Records drawn from a dataset
━━━━━━━━━━
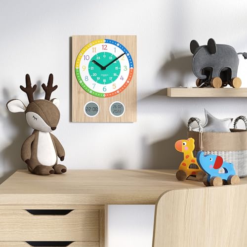 Tooky Toy Kalenderuhr Jahresuhr – Kinder Lernuhr – Holz Spielzeug...GUUMUXIN Kinderuhr, Lernuhr mit Zeigern für Kinder. Mehrfarbige Zifferblatt...
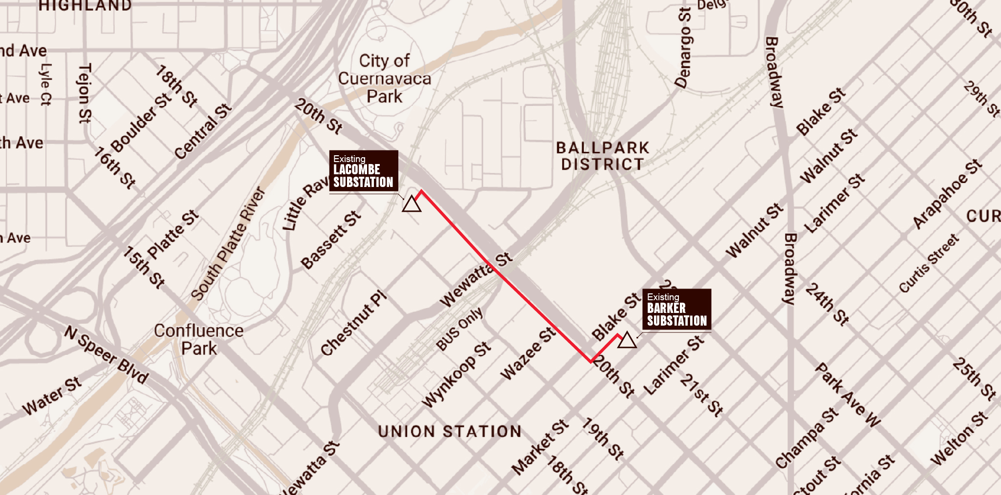 We are installing 230-kilovolt double circuit underground electric transmission lines between the existing Lacombe and Barker substations, installing equipment and energizing the Barker Substation site, and installing underground electric distribution lines to connect to our existing electric system for the Lacombe to Barker Underground Transmission Project (Project) in Denver.
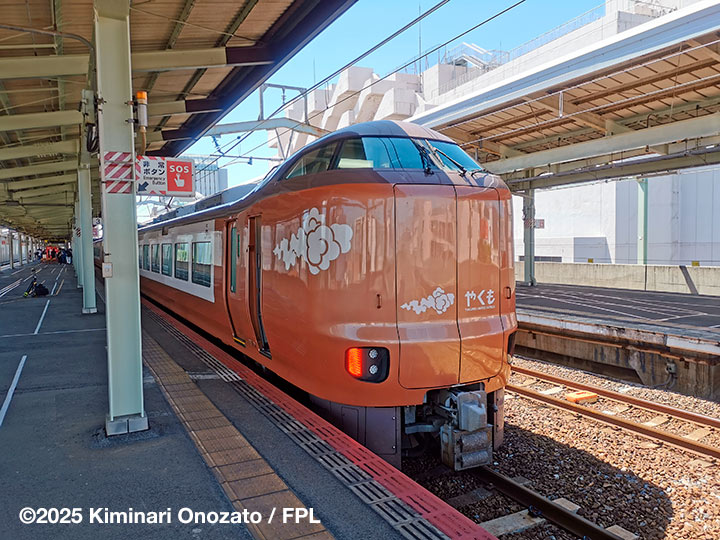 新幹線に乗るのは2019年以来。乗ってみるとのぞみ車両の速いこと。外国人が感激するわけだ。東海道新幹線開業以来、東京から新大阪間にかかっていた所要時間は、今では岡山まで行けてしまう。岡山からは在来線特急の「やくも」で向かうのだが、入線したそれを見て、鉄道には全く興味ない私がその車両に惹かれた。八重雲をデザインした茶色の車両はなかなかいいじゃん。
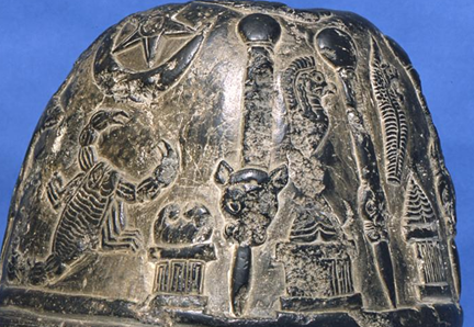 Stars adjoining crescents are also a common design on Mesopotamian boundary stones in the late Bronze Age. The boundary stone of King Nebuchadnezzar I of Babylon (r. c. 1125-1104 BC) contains a rare example of a star within a crescent. The symbols were associated with the deities Sin (moon) and Ishtar (Venus). The representation of Venus through the star is a strong link to later Byzantine uses of the emblem.
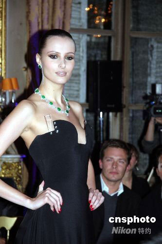 以“美麗永恒”為主題的中華風(fēng)尚珠寶藝術(shù)展十月二日晚在法國巴黎舉行。圖為模特兒在展示中國珠寶作品。中新社發(fā) 吳衛(wèi)中 攝
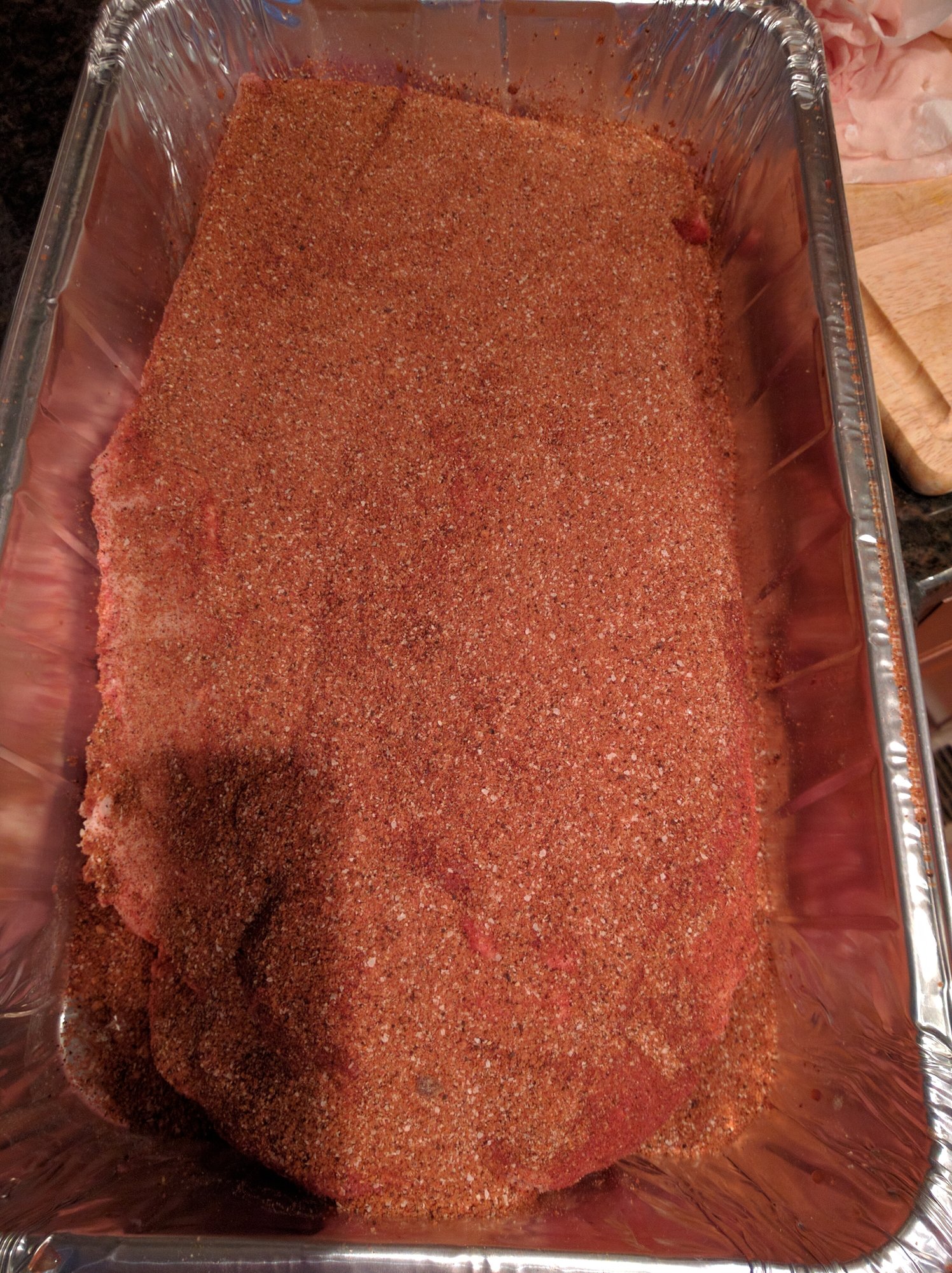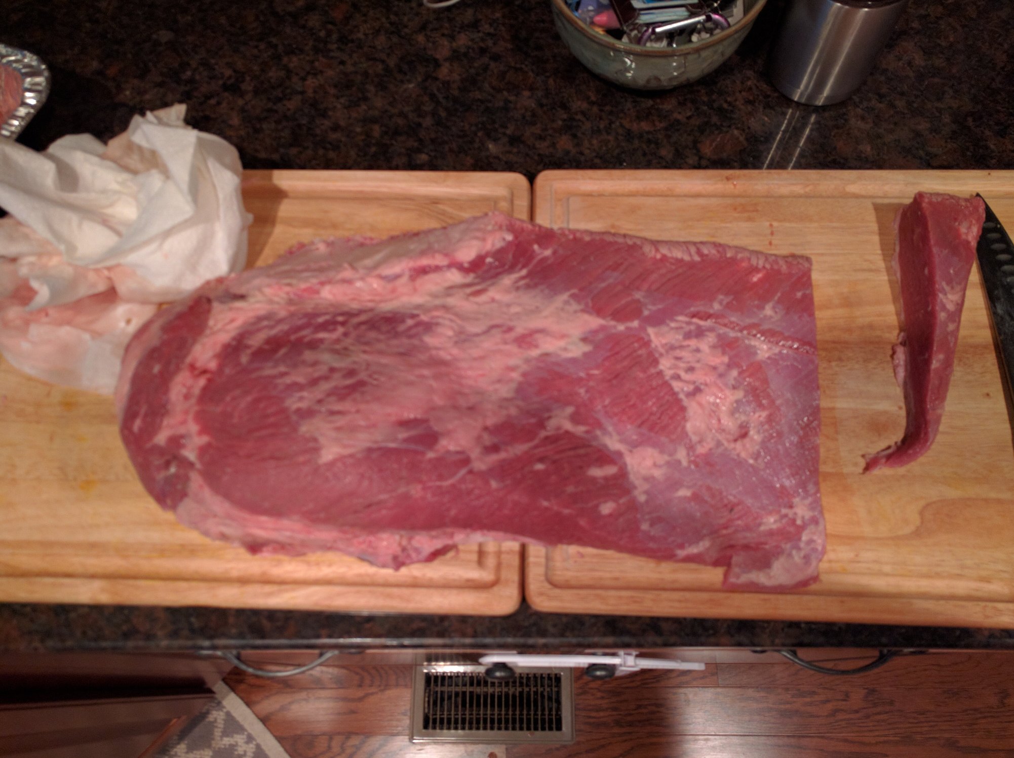 And of course my dad calls and has no plans for his wife's birthday so I step up. Brisky for the step mom coming up. Pretty nervous cause this woman can cook some fantastic restaurant quality food. First time I've cooked for her and they just returned state side after 6 years. My pops took a gig in Abu Dhabi. Anywho, here's the start of the cook. Many finishing and slicing picks if it's worth a damn. Pressures on. Made my injection for juicy reassurance.
━━━━━━━━━━
■ WHAT IS BEING ASKED ■
Each entry above must be duplicated precisely; none of the pictures may be included.

■ FINAL ANSWER ■
 Tooky Toy Kalenderuhr Jahresuhr – Kinder Lernuhr – Holz Spielzeug...GUUMUXIN Kinderuhr, Lernuhr mit Zeigern für Kinder. Mehrfarbige Zifferblatt...
 We are installing 230-kilovolt double circuit underground electric transmission lines between the existing Lacombe and Barker substations, installing equipment and energizing the Barker Substation site, and installing underground electric distribution lines to connect to our existing electric system for the Lacombe to Barker Underground Transmission Project (Project) in Denver.
 新幹線に乗るのは2019年以来。乗ってみるとのぞみ車両の速いこと。外国人が感激するわけだ。東海道新幹線開業以来、東京から新大阪間にかかっていた所要時間は、今では岡山まで行けてしまう。岡山からは在来線特急の「やくも」で向かうのだが、入線したそれを見て、鉄道には全く興味ない私がその車両に惹かれた。八重雲をデザインした茶色の車両はなかなかいいじゃん。
 Stars adjoining crescents are also a common design on Mesopotamian boundary stones in the late Bronze Age. The boundary stone of King Nebuchadnezzar I of Babylon (r. c. 1125-1104 BC) contains a rare example of a star within a crescent. The symbols were associated with the deities Sin (moon) and Ishtar (Venus). The representation of Venus through the star is a strong link to later Byzantine uses of the emblem.
 以“美麗永恒”為主題的中華風(fēng)尚珠寶藝術(shù)展十月二日晚在法國巴黎舉行。圖為模特兒在展示中國珠寶作品。中新社發(fā) 吳衛(wèi)中 攝
 And of course my dad calls and has no plans for his wife's birthday so I step up. Brisky for the step mom coming up. Pretty nervous cause this woman can cook some fantastic restaurant quality food. First time I've cooked for her and they just returned state side after 6 years. My pops took a gig in Abu Dhabi. Anywho, here's the start of the cook. Many finishing and slicing picks if it's worth a damn. Pressures on. Made my injection for juicy reassurance.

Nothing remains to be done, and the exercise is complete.